--- DATASET EXCERPTS ---
════════

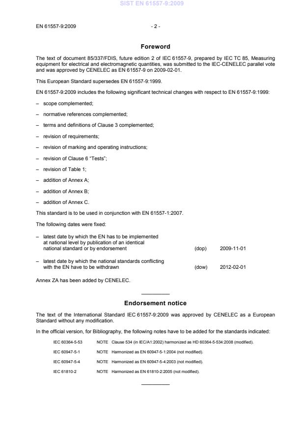 EN 61557-9:2009 has the following relationships with other standards: It is inter standard links to EN 61557-9:1999, EN 61557-9:2015. Understanding these relationships helps ensure you are using the most current and applicable version of the standard.
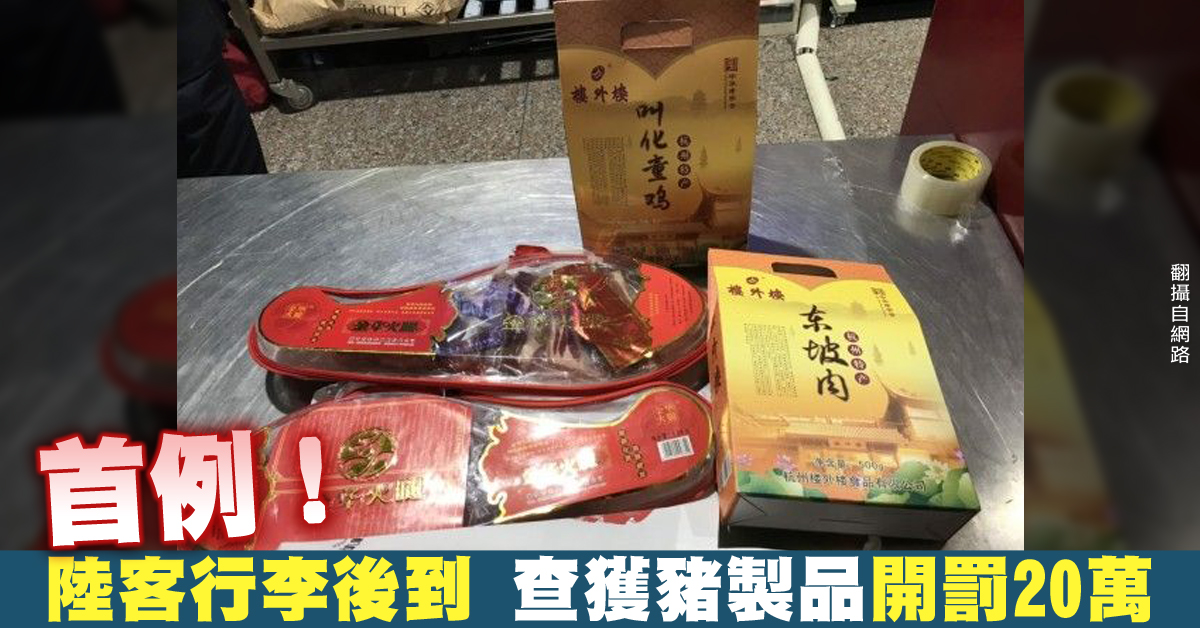 首例!陸客行李後到 查獲豬製品開罰20萬
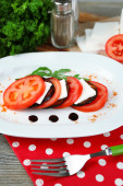 smaczne palona plastry kostnego i pomidor, sałatka z liści, na jasnym tle
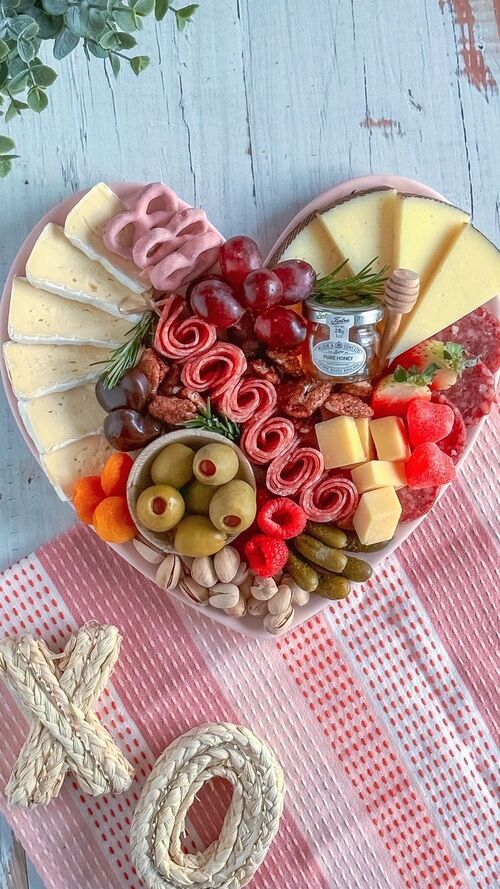 This heart-shaped charcuterie board adds a fun, festive touch to girls night or Galentine’s celebrations.
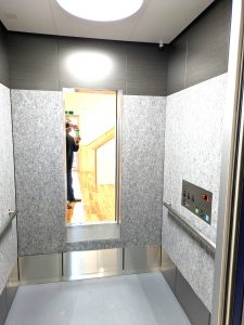 その後内覧会があり中庭(写真2)、3階建てなのにエレベーター(写真3)が設置。2階は定時制教室。3階は実験室等がありました。
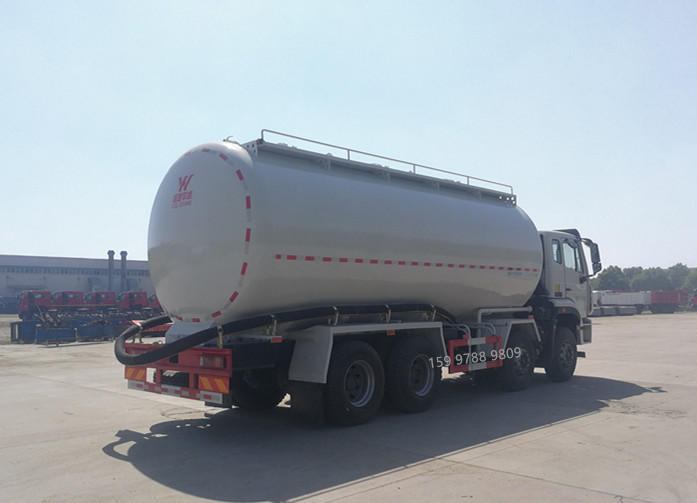 重汽前四后八干混砂漿車已完工,準備發車!重汽干混砂漿車配置:選用重汽豪瀚前四后八輕量化底盤,白色平頂駕駛室,MC07.34-50國五340馬力發動機,重汽10檔變速箱,HF7前橋,457后橋,12R22.5真空胎,駕駛室電動舉升,電動玻璃、電動空調,中控門鎖,罐體采用輕鋼制作,公告容積30方,封頭5mm,筒體4mm,兩倉三進料口設計,福達10方空壓機,砂漿車專用蝶閥、安全閥,標配8米砂漿專用卸料管。
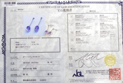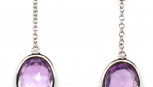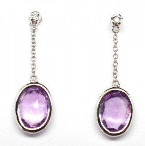 Lot Description:Amethyst and 18ct white gold hanging earrings
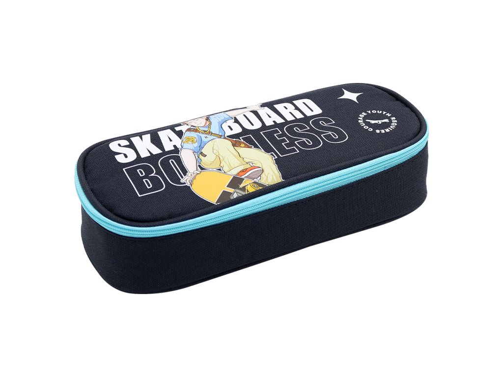 1-zipový penál s textilním pláštěm spolehlivě uschová všechny psací potřeby (3 designy Skateboard).
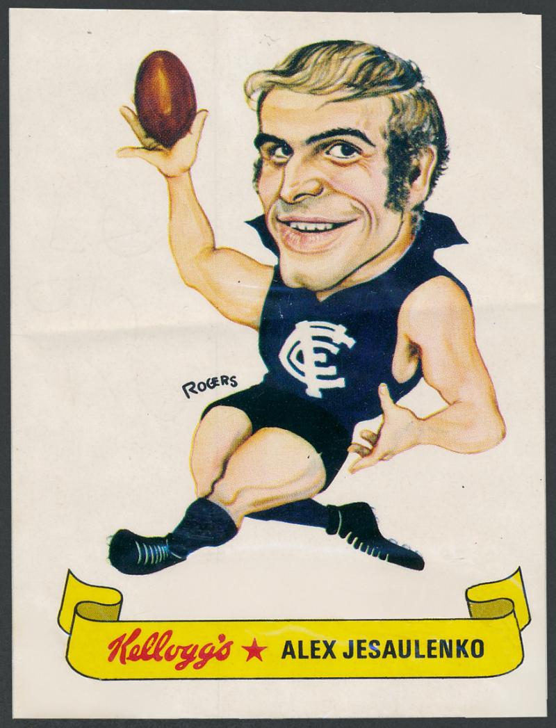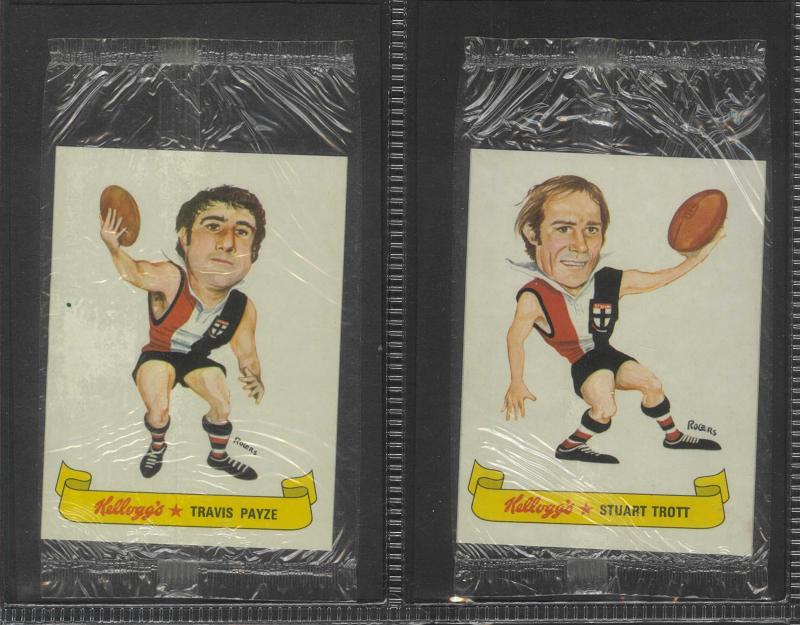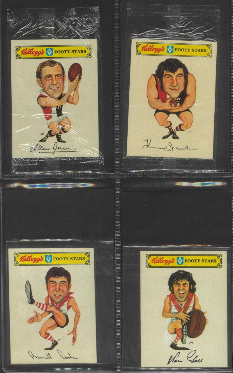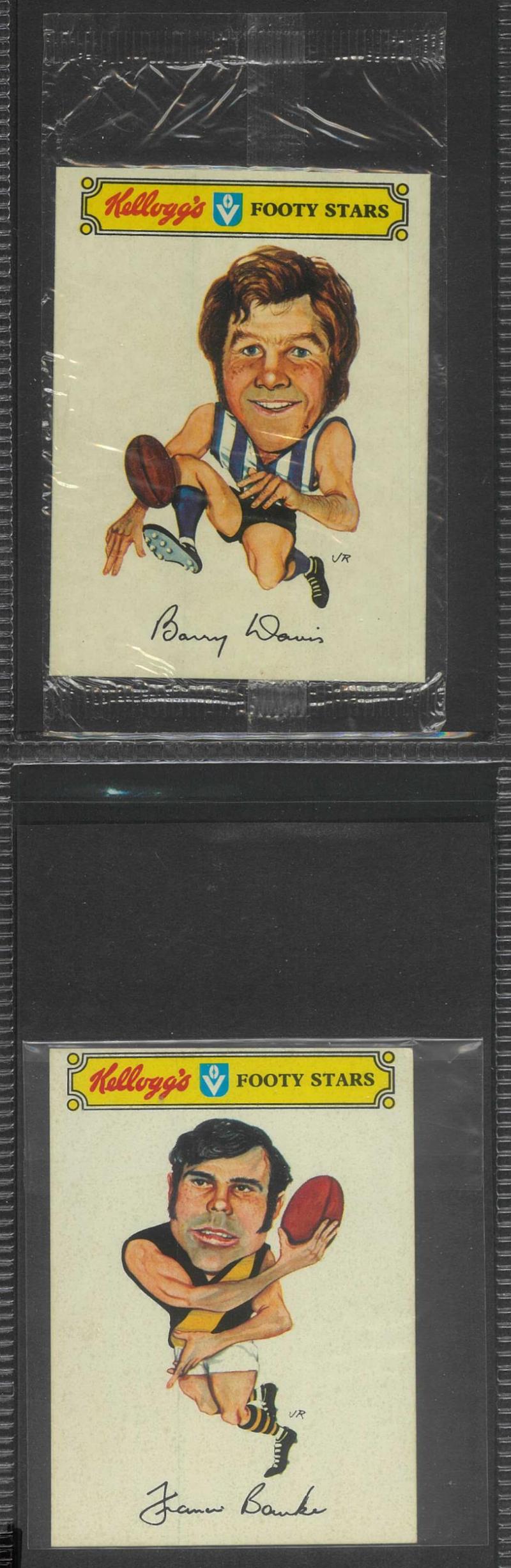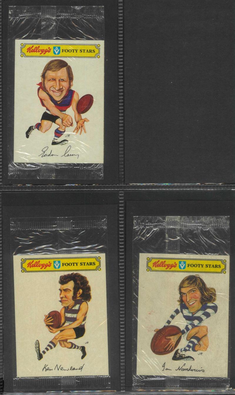 1974 Kelloggs 'Australian Football Caricatures - Footy Stars', almost complete set [22/24], all in cellophane wrappers, mainly
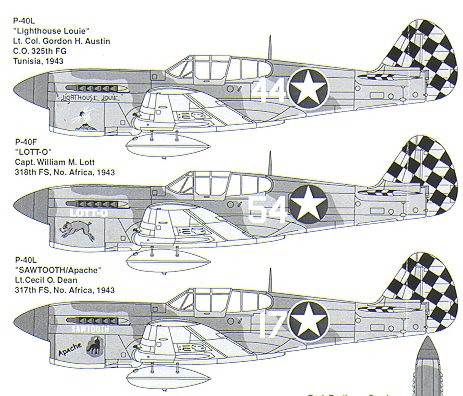 First is the group commander's plane, 'Lighthouse Louie'. It is a P-40L. Now the L model was a lightened F and one of the things done were that the outer wing guns were removed. Often these were reinstalled in theater as the only modification done to the plane was to cover over the outer gun hole. The mountings and shell ejector chutes remained. Check photos to be sure.
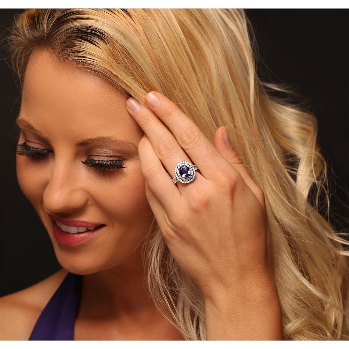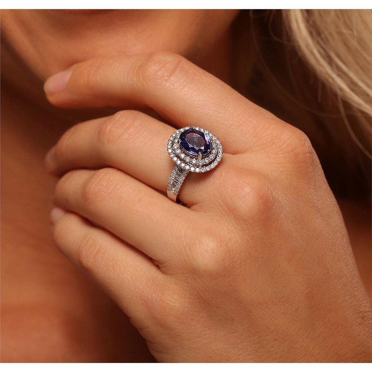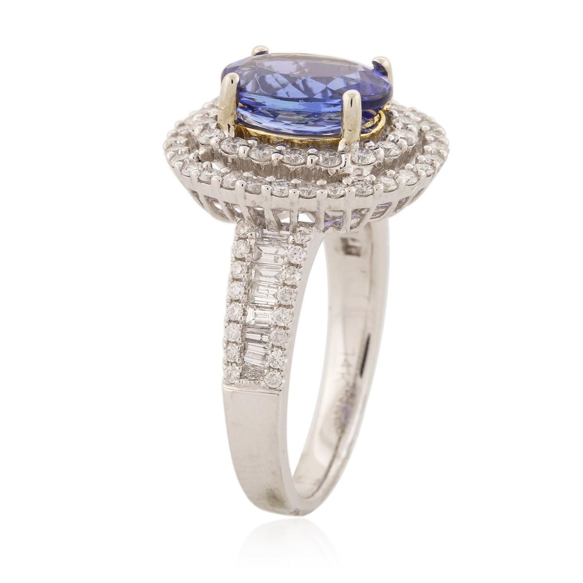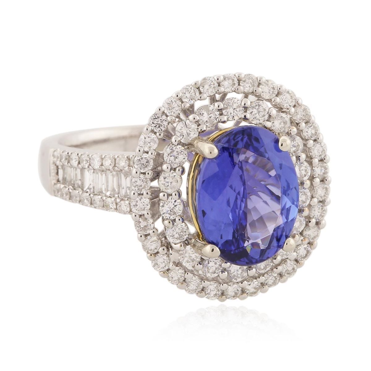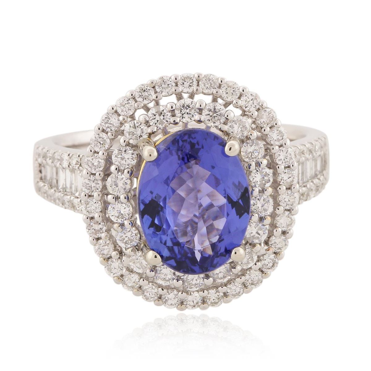 One electronically tested 14KT white and yellow gold Ladies combination cast & assembled fashion ring with a bright polish finish. Condition is new. Identified with markings of "14K". Containing: One prong set oval modified mixed cut natural tanzanite, measuring 10.00 x 8.00 x 5.20mm, approximate weight of 2.63ct., clarity is eye clean, type I, medium light, very slightly grayish, bluish violet color, (GIA bV 4/3), cut is very good. Colored gemstones are presumed to have been subjected to commonly used color/clarity enhancement processes. Fourteen channel set baguette cut diamonds, measuring 2.50 x 1.50 x 1.28mm (depth est.) approximate. Total Weight of 14 Stones = 0.70ct. Clarity: SI-1 to SI-2. Color: H - I, Cut is Good. Eighty prong set round brilliant cut diamonds, measuring 1.40 - 1.10 x 0.75mm (depth est.) approximate. Total Weight of 80 Stones = 0.57ct. Clarity: I-1 to I-2. Color: H - I, Cut is Good. Total Weight of Colored Stones 2.63ct. Total Weight of Diamonds 1.27ct. Total Weight of Ring 6.00 grams. GGL Appraised at $8,700.00.

════════

--- WHAT IS NEEDED ---
Please retype the records above exactly, leaving every image out.

--- EXPECTED ANSWER ---
 EN 61557-9:2009 has the following relationships with other standards: It is inter standard links to EN 61557-9:1999, EN 61557-9:2015. Understanding these relationships helps ensure you are using the most current and applicable version of the standard.
 首例!陸客行李後到 查獲豬製品開罰20萬
 smaczne palona plastry kostnego i pomidor, sałatka z liści, na jasnym tle
 This heart-shaped charcuterie board adds a fun, festive touch to girls night or Galentine’s celebrations.
 その後内覧会があり中庭(写真2)、3階建てなのにエレベーター(写真3)が設置。2階は定時制教室。3階は実験室等がありました。
 重汽前四后八干混砂漿車已完工,準備發車!重汽干混砂漿車配置:選用重汽豪瀚前四后八輕量化底盤,白色平頂駕駛室,MC07.34-50國五340馬力發動機,重汽10檔變速箱,HF7前橋,457后橋,12R22.5真空胎,駕駛室電動舉升,電動玻璃、電動空調,中控門鎖,罐體采用輕鋼制作,公告容積30方,封頭5mm,筒體4mm,兩倉三進料口設計,福達10方空壓機,砂漿車專用蝶閥、安全閥,標配8米砂漿專用卸料管。
 Lot Description:Amethyst and 18ct white gold hanging earrings
 1-zipový penál s textilním pláštěm spolehlivě uschová všechny psací potřeby (3 designy Skateboard).
 1974 Kelloggs 'Australian Football Caricatures - Footy Stars', almost complete set [22/24], all in cellophane wrappers, mainly
 First is the group commander's plane, 'Lighthouse Louie'. It is a P-40L. Now the L model was a lightened F and one of the things done were that the outer wing guns were removed. Often these were reinstalled in theater as the only modification done to the plane was to cover over the outer gun hole. The mountings and shell ejector chutes remained. Check photos to be sure.
 One electronically tested 14KT white and yellow gold Ladies combination cast & assembled fashion ring with a bright polish finish. Condition is new. Identified with markings of "14K". Containing: One prong set oval modified mixed cut natural tanzanite, measuring 10.00 x 8.00 x 5.20mm, approximate weight of 2.63ct., clarity is eye clean, type I, medium light, very slightly grayish, bluish violet color, (GIA bV 4/3), cut is very good. Colored gemstones are presumed to have been subjected to commonly used color/clarity enhancement processes. Fourteen channel set baguette cut diamonds, measuring 2.50 x 1.50 x 1.28mm (depth est.) approximate. Total Weight of 14 Stones = 0.70ct. Clarity: SI-1 to SI-2. Color: H - I, Cut is Good. Eighty prong set round brilliant cut diamonds, measuring 1.40 - 1.10 x 0.75mm (depth est.) approximate. Total Weight of 80 Stones = 0.57ct. Clarity: I-1 to I-2. Color: H - I, Cut is Good. Total Weight of Colored Stones 2.63ct. Total Weight of Diamonds 1.27ct. Total Weight of Ring 6.00 grams. GGL Appraised at $8,700.00.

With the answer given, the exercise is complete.